The first picture we have of him is at 5:03pm, me holding him and Luke next to me. It was completely surreal. We woke up that morning thinking it was a normal Sunday (and I was really looking forward to that nap, before I was even out of bed). Then less than 9 hours later we had two beautiful boys.
By 5:10 we were alone in the hospital room as a family of 4. (The nurses and social worker: "Let us know if you need anything! Bye!") At 5:11 we took our first family of 4 picture. It was so completely different from how Luke's meet and greet went (where we had to meet and impress his birth mother and her parents before we got to meet him). We had signed all the papers and now this was it! We were new parents again.
By 5:13 we were back on the phone, each calling our parents. Then all our siblings. Everyone was pretty shocked (can't say it had settled in for us yet either!).
Most of the people we talked to: "Did you know this was coming??"
Us: "Nope. Not at all."
After years of waiting, years of praying, years of wondering when we would get that baby, it all happened in an afternoon. I like to think God was up there gleefully laughing at giving us this blessing, all those times we prayed knowing this was coming and that it would come so fast. An answer to so many prayers.
I stayed that night in the hospital with Sam. Matt and Luke got a hotel and came back in the morning. Luke and I ran to Wal-Mart in the afternoon for formula (and wipes) but otherwise we stuck around the hospital all day. We were discharged at 5:30 and headed home with a full car, still a little in shock.
You know how most parents do the whole nesting and getting ready for baby thing? Like washing the clothes, getting furniture rearranged and set-up, etc.? Yeah...we didn't get that. People kept texting and asking what we needed. Someone to break into our house to sanitize bottles and wash the baby clothes. Please and thank you!
We got both sets of Grandparents over within an hour after getting home. I threw in all the newborn - 3 months clothes in the washer, almost before I had my coat off. We got the pack n play set up (super important because it's where we store all the baby stuff downstairs - diapers, wipes, burb cloths, clean clothes, etc.). The next morning we washed bottles, started (another) shopping list, and got things knocked off the to-do list (call about baptism class, let other agencies know we were placed, work on insurance, get attorney, etc.)
The first night was rough but every one since had gotten a little easier. Matt and I getting at least 7 hours of sleep (even if not consecutively) makes a world of difference in how the day goes. We've had a steady stream of visitors and Luke is especially delighted when cousins come to meet his new baby (but then run off to play with him).
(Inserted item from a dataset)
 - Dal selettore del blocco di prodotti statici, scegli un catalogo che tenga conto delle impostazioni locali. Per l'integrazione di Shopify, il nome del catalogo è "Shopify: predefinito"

We still have to wait for the putative father registry to clear (not that I'm completely stressing about it or anything (I am.)), have post placement visits, and eventually go to court to finalize. Our adoption journey for this baby isn't over yet. But the years of waiting are. It's still a little mind boggling. But, also, crazy how quick it became weird not to have Sam with us, how quickly he became an integral part of our family.
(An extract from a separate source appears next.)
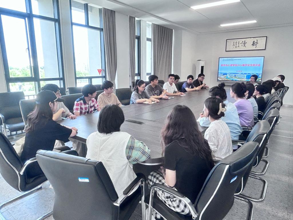 同日下午,为了更好地倾听毕业生心声,教育与心理学院在会议室召开“2024届毕业生座谈会”。了解毕业生代表关于毕业和就业困难的现实状况,听取毕业生们对学校建设发展的建议。会上,祝峰帮助学子解难纾困,明晰就业方向,鼓励毕业生党员继续秉承文理学子的责任担当,在未来的工作岗位上发挥党员先锋模范作用。

It still blows my mind at how quickly life changed. It's been a little over a week and still feeling so so blessed. There are so many people who have said so many prayers for us over the years. We are so grateful for every one. Getting to tell everyone is so exciting.
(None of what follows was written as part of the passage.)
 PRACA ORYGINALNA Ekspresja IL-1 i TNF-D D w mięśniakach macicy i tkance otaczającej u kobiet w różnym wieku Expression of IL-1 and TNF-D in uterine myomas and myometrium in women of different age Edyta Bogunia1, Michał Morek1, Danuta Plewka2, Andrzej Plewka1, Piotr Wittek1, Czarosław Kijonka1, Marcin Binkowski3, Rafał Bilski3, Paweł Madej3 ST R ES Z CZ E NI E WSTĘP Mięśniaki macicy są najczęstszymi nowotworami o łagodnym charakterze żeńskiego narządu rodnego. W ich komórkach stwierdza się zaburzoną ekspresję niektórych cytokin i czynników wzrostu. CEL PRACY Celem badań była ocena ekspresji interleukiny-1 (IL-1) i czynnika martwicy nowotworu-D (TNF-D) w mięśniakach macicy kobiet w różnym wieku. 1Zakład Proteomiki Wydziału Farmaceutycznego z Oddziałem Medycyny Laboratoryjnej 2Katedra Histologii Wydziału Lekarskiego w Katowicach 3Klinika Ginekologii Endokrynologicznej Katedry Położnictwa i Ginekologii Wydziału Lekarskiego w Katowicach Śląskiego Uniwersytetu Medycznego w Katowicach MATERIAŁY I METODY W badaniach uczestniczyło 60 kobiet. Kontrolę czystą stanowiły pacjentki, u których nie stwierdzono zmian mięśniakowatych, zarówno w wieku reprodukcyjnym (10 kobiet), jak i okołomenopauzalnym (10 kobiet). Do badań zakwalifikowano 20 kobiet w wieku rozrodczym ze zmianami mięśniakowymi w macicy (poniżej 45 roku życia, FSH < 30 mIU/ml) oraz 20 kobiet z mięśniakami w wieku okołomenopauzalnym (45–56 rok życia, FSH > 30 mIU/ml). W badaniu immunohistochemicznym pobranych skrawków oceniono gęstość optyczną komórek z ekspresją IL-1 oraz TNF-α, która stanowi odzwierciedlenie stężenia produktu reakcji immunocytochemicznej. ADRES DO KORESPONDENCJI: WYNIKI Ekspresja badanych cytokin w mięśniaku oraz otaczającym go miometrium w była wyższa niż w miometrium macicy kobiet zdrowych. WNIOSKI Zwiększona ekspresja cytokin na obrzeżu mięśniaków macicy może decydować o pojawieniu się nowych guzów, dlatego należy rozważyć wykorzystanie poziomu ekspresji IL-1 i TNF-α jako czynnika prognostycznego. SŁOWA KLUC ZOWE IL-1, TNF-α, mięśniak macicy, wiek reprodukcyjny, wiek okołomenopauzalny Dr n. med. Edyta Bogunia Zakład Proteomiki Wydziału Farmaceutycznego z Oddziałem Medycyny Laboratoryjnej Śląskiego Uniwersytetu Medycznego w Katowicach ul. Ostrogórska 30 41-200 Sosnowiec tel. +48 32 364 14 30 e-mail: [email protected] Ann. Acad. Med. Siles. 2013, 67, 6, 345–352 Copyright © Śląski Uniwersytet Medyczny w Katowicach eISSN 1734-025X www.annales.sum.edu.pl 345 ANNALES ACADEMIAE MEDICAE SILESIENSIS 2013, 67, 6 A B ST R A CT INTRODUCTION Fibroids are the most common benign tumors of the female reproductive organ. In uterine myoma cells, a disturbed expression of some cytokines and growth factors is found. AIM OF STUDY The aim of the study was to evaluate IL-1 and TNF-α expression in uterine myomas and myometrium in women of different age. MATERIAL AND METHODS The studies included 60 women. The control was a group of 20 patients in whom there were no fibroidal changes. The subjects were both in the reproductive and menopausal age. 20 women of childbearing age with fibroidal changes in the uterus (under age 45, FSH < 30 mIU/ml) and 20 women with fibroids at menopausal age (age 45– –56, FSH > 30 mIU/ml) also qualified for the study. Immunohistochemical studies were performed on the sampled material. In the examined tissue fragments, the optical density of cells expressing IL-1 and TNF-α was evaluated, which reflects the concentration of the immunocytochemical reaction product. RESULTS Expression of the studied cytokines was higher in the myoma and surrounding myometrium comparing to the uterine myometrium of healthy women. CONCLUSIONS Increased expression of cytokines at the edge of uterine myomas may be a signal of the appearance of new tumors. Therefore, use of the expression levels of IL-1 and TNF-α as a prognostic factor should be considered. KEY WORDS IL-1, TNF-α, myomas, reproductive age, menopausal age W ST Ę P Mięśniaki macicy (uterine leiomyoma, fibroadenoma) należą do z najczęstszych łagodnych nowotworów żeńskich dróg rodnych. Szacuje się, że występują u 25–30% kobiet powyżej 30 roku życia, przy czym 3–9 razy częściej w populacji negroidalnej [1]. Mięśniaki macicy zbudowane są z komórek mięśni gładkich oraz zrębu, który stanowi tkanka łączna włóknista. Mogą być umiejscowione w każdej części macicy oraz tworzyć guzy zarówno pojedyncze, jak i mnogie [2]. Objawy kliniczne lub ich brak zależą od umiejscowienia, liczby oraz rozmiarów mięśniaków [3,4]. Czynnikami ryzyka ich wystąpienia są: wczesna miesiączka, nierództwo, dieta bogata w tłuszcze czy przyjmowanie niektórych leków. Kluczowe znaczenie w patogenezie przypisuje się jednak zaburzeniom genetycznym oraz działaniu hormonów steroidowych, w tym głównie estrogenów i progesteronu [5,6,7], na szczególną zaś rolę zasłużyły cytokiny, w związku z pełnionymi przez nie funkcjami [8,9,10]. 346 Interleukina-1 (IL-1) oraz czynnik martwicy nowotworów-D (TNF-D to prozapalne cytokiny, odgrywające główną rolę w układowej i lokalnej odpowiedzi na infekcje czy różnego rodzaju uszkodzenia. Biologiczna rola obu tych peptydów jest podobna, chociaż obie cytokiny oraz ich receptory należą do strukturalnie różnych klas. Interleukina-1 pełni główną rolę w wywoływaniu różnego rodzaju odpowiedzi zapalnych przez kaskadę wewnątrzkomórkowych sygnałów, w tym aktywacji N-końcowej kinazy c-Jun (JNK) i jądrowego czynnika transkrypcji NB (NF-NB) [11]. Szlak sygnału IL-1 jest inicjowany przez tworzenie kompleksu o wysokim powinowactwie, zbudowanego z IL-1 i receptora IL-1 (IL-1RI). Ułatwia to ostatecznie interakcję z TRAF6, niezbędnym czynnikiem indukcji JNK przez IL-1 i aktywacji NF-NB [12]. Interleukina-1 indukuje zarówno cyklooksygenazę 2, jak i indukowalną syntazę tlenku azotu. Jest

Things might be a little sparse over here for a few weeks (everything that published last week I had written and scheduled before our lives blew up) as we adjust and figure out our new routines. But this is the life disruption we've been wanting. It's exhausting but so exciting. We are so blessed by this baby, his birth mother, and all the people who helped pray Sam into our family. Praise the Lord.